Dans les années 1990, Mazzucchelli s’engage dans diverses collaborations avec des publications alternatives telles que Snake Eyes, Drawn & Quarterly, Nozone, Zero Zero et Little Lit. Son style commence à incorporer des influences de la bande dessinée européenne et même du manga. Mais de grandes choses sont encore à venir.

Quinze ans après la publication de son œuvre la plus longue, 2009 a vu la sortie d’ Asterios Polyp, qui est probablement le chef-d’œuvre de Mazzucchelli. Il raconte l’histoire d’un architecte célèbre qui a presque tout perdu : sa maison a brûlé et son mariage s’est effondré. Il s’enfuit donc dans une petite ville où il commence à travailler comme mécanicien.

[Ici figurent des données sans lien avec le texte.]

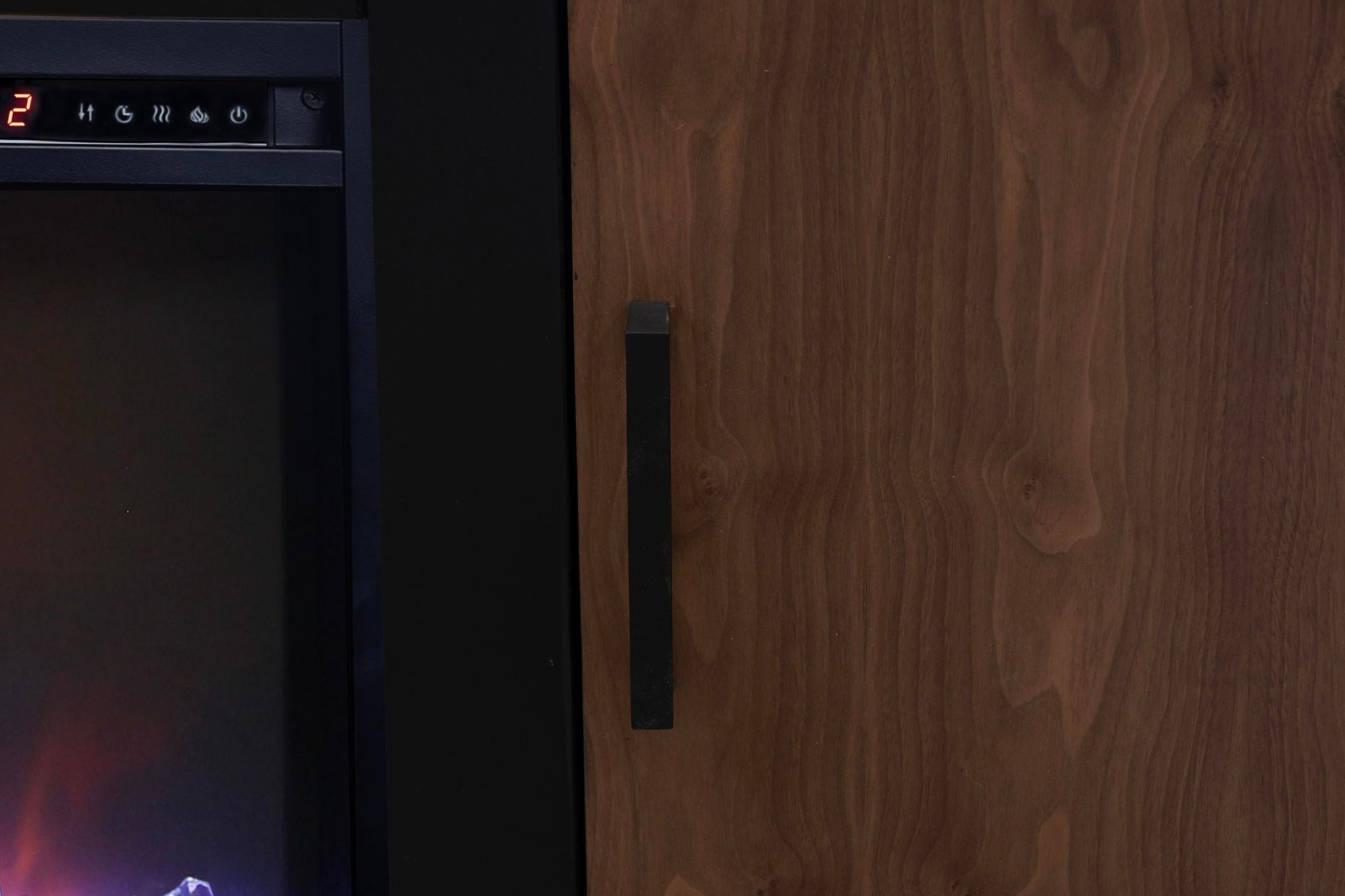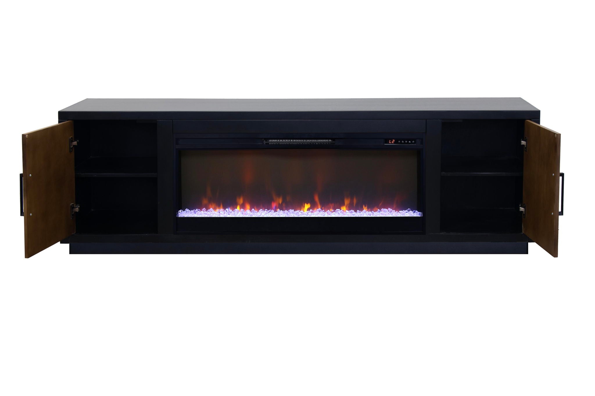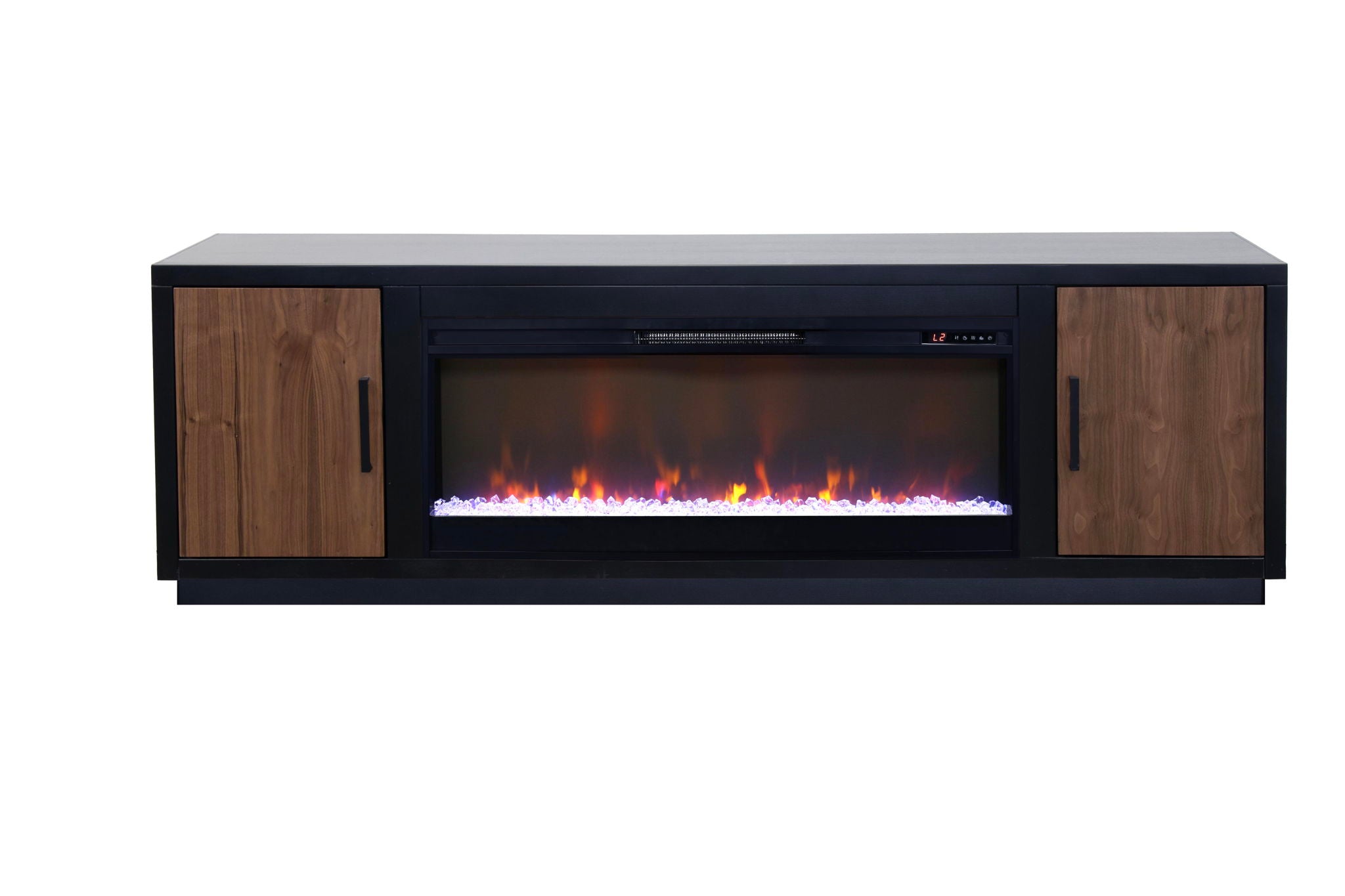 The Aria Fireplace TV Stand boasts chic, modern, contemporary style. Exquisitely crafted from Poplar Solids and Okoume Veneers and Walnut Veneers, this Entertainment Center with Fireplace features clean, structural lines, a Two-Tone Black and Walnut finish, Black hardware and plinth bas. Cable management openings on the back panel will keep all cords and wires concealed.

Mazzucchelli a passé 10 ans à produire l’Asterios Polyp et le résultat est un livre qui n’a rien à envier à celui de Philip Roth. L’auteur expérimente tout : les émotions sont représentées avec des formes, des couleurs et des styles toujours différents, créant un roman sophistiqué qui examine la philosophie, les relations et le sens de la vie.

Il n’est donc pas surprenant qu’en une seule année, Asterios Polyp ait remporté tous les principaux prix mondiaux de la bande dessinée du Los Angeles Times Book Prize aux prix Eisner et Harvey, en passant par le Grand Prix du Festival d’Angoulême en France, l’événement annuel le plus important de la bande dessinée en Europe.

C’est ici que s’achève notre voyage dans l’œuvre et le style de David Mazzucchelli : un auteur dont l’œuvre s’étend du simple noir et blanc avec des clins d’œil au passé, à la déconstruction complète de la page de bande dessinée, en passant par des bandes dessinées entièrement produites en bichromie. Un véritable maître de la bande dessinée.